# The state of social gaming on Google+



## openandroidmove (Jul 9, 2011)

I put this article up just a while ago. it confirms the future of social gaming on Google+ in the future - :sad: Check it out and leave a comment if you would like to. AndroidSPIN.com


----------



## SyNiK4L (Jun 7, 2011)

oooo no. please god no. i dont want a billion farmville invites ANYMORE!!!!!!!!!!!! GRRRRR


----------



## lostnuke (Jul 15, 2011)

this is not good news


----------



## I Am Marino (Jul 14, 2011)

SyNiK4L said:


> oooo no. please god no. i dont want a billion farmville invites ANYMORE!!!!!!!!!!!! GRRRRR


For real, FB is ruined by all the games.


----------



## finch (Jul 15, 2011)

Hopefully they have the block option on the game junk that FB has. Or I would have canned FB a long time ago..


----------



## Guest (Jul 15, 2011)

Meh, I've found it easy to ignore the games since you can block all future notifications of each game and such. I used to get random invites, but I haven't seen one in ages.

Personally, I don't really mind that they'll be incorporating social games. If anything, it'll help bring traffic to Google+. Google+ needs to offer much of the same features as Facebook if they want to achieve a competitive advantage. Without a competitive advantage, they're simply not going to have the traffic needed to flourish. While I find social games on FB annoying and don't partake in them, I know plenty of people that do. I never understood their allure, but to each their own.

As long as Google+ incorporates a way to block/mute notifications from social games, I don't have a problem with them existing.


----------



## SyNiK4L (Jun 7, 2011)

swiftmazda said:


> Meh, I've found it easy to ignore the games since you can block all future notifications of each game and such. I used to get random invites, but I haven't seen one in ages.
> 
> Personally, I don't really mind that they'll be incorporating social games. If anything, it'll help bring traffic to Google+. Google+ needs to offer much of the same features as Facebook if they want to achieve a competitive advantage. Without a competitive advantage, they're simply not going to have the traffic needed to flourish. While I find social games on FB annoying and don't partake in them, I know plenty of people that do. I never understood their allure, but to each their own.
> 
> As long as Google+ incorporates a way to block/mute notifications from social games, I don't have a problem with them existing.


Way to kill the "we hate FB games" flow we had going.

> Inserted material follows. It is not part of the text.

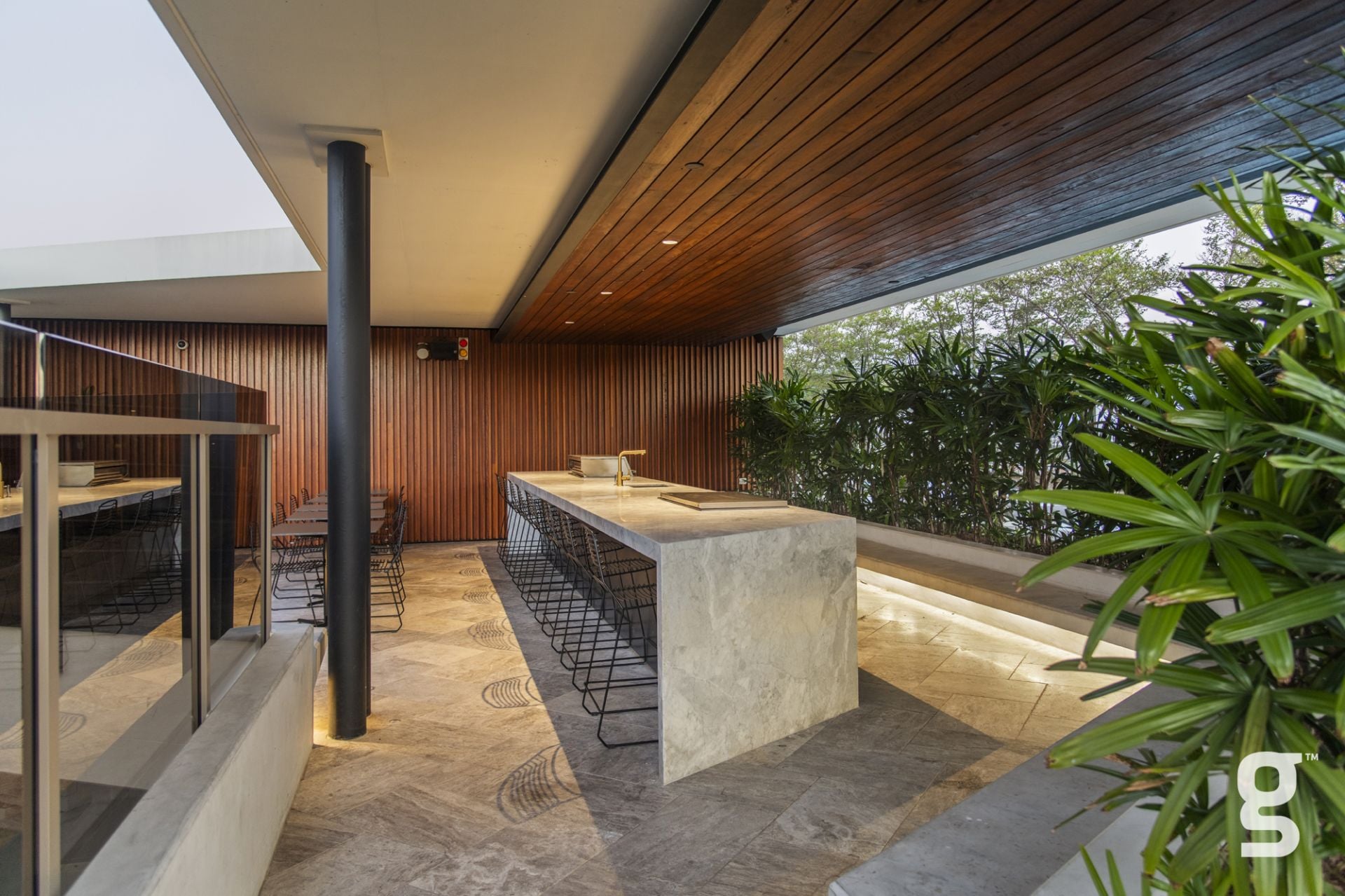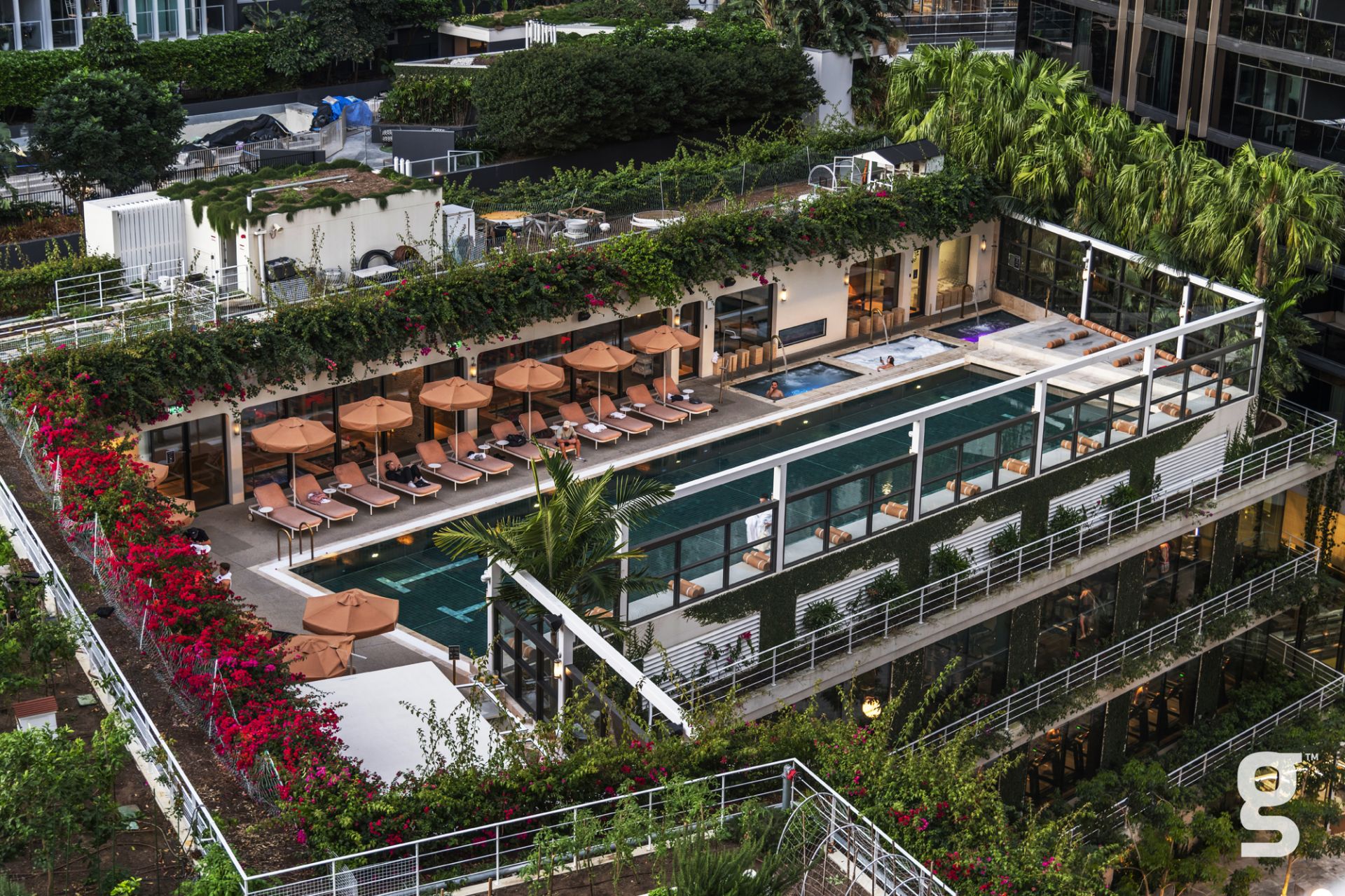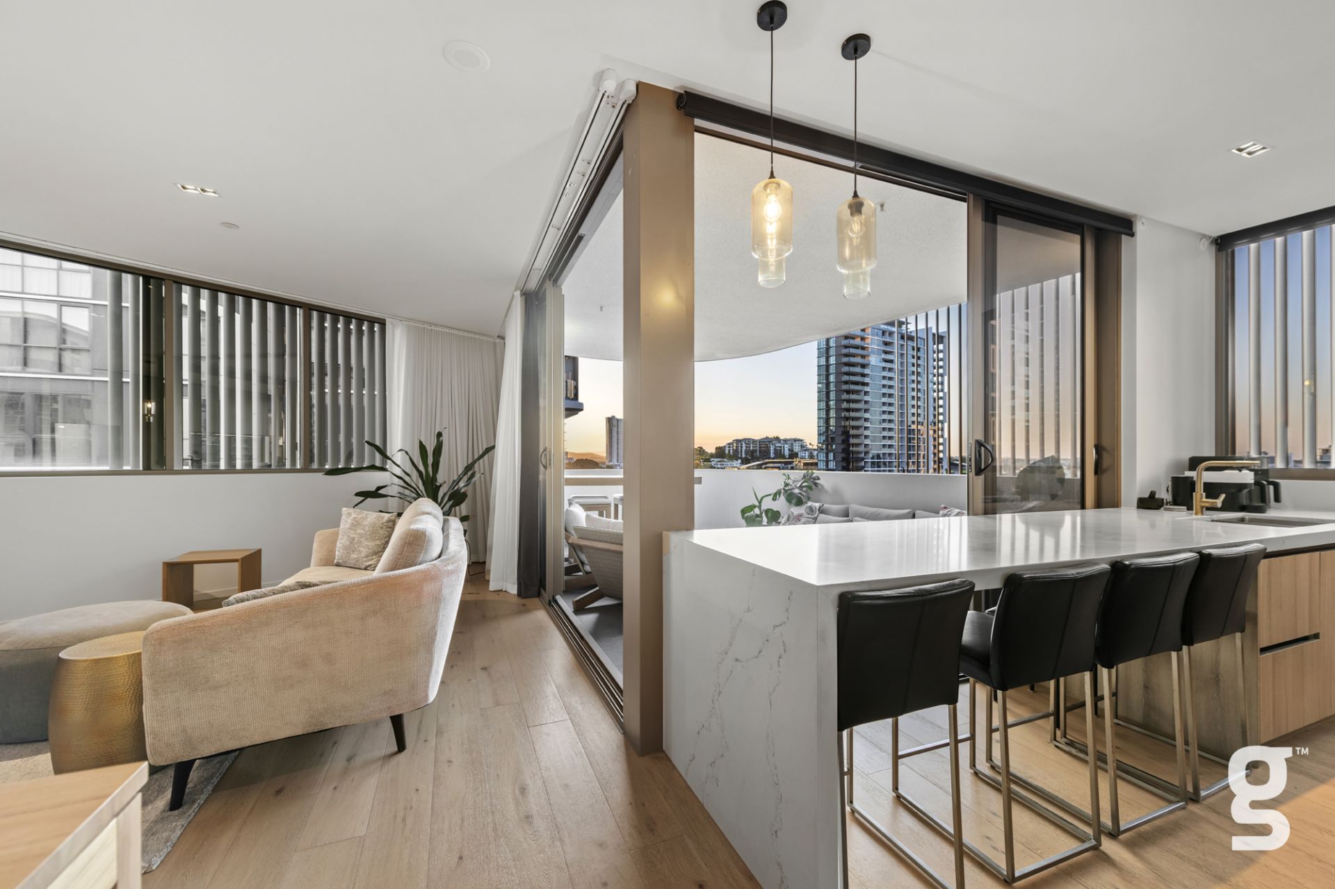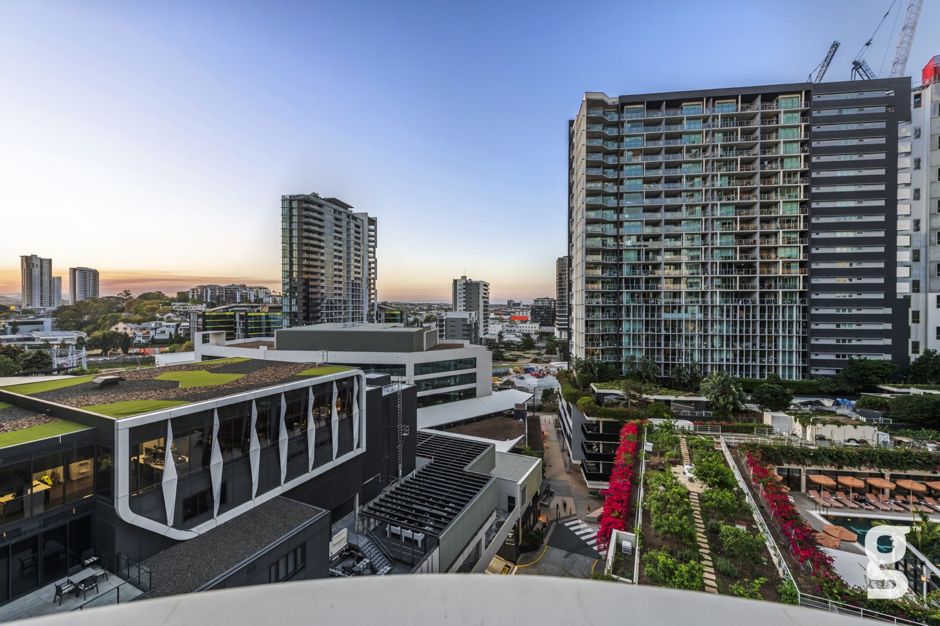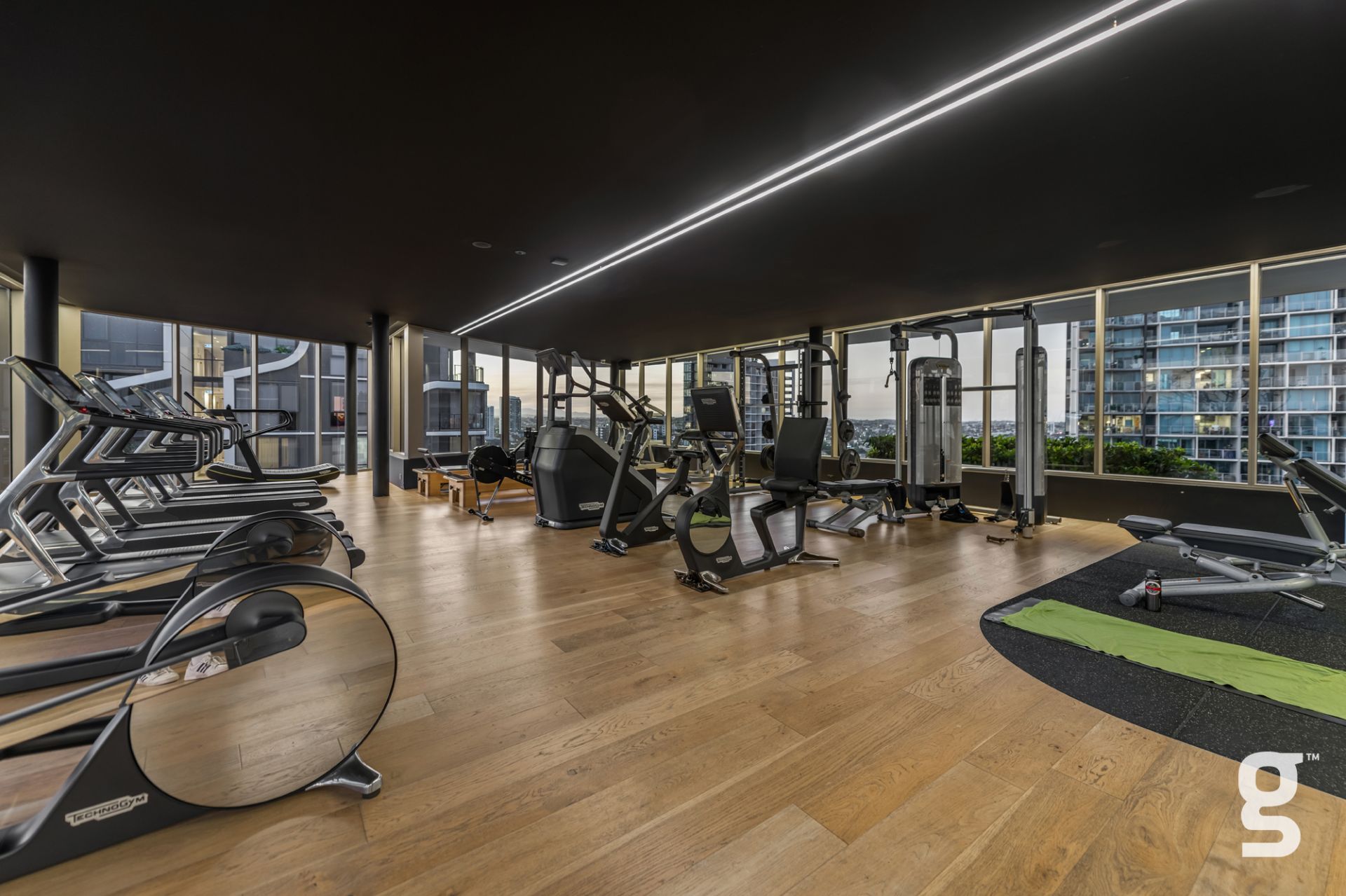 Lucent Gasworks is a 17-storey residential tower designed to opitomize Brisbane’s health and wellness, contemporary lifestyle. This architectural landmark offers an array of luxury amenities and exclusive services, including a private 1600sqm rooftop oasis. The exclusive rooftop amenities include a 55m infinity pool with underwater speakers, a heated sunset spa, and a waterfall deck. For relaxation and wellness, there is a sauna with floor-to-ceiling glazing and panoramic city views. The private dining room is available for event bookings, and the entertainment options include a golf simulator with over 170 virtual courses. The fitness center is equipped with state-of-the-art Technogym equipment, including Pilates reformers, a skillmill, and a yoga deck. The rooftop retreat offers an entertaining area complete with a Teppanyaki Bar and multiple relaxation areas.

Thx alot bro :androidwink: lol-just playin.


----------



## JSM9872 (Jun 27, 2011)

The games truly are annoying. However I say bring them on. Reason: I would love to see G+ dethrone FB and if it needs dumb elements like this to do it then so be it. Not that I dont like FB I am just Google to the core.


----------



## birdman (Jun 6, 2011)

If google+ did everything else right, i imagine they will do games right too.

the way facebook did it was just a fustercluck.


----------



## Guest (Jul 16, 2011)

SyNiK4L said:


> Way to kill the "we hate FB games" flow we had going. Thx alot bro :androidwink: lol-just playin.


Lol! I just had to play devil's advocate a little bit.  I want to see Google+ flourish since I do love the functionality and layout of it much better than Facebook. It'll be awesome if it really takes off.



JSM9872 said:


> The games truly are annoying. However I say bring them on. Reason: I would love to see G+ dethrone FB and if it needs dumb elements like this to do it then so be it. Not that I dont like FB I am just Google to the core.


Exactly! I'm definitely a Google fanboi and would love to watch it dethrone Facebook. Google products really are top-notch. Plus, the open-source nature of them is what really appeals to me.



birdman said:


> If google+ did everything else right, i imagine they will do games right too.
> 
> the way facebook did it was just a fustercluck.


Very true. Just give me an option to block/mute all requests for social games, and I'm good. Then, the kiddies can play Farmville without me having to deal with the annoying invites and status updates.


----------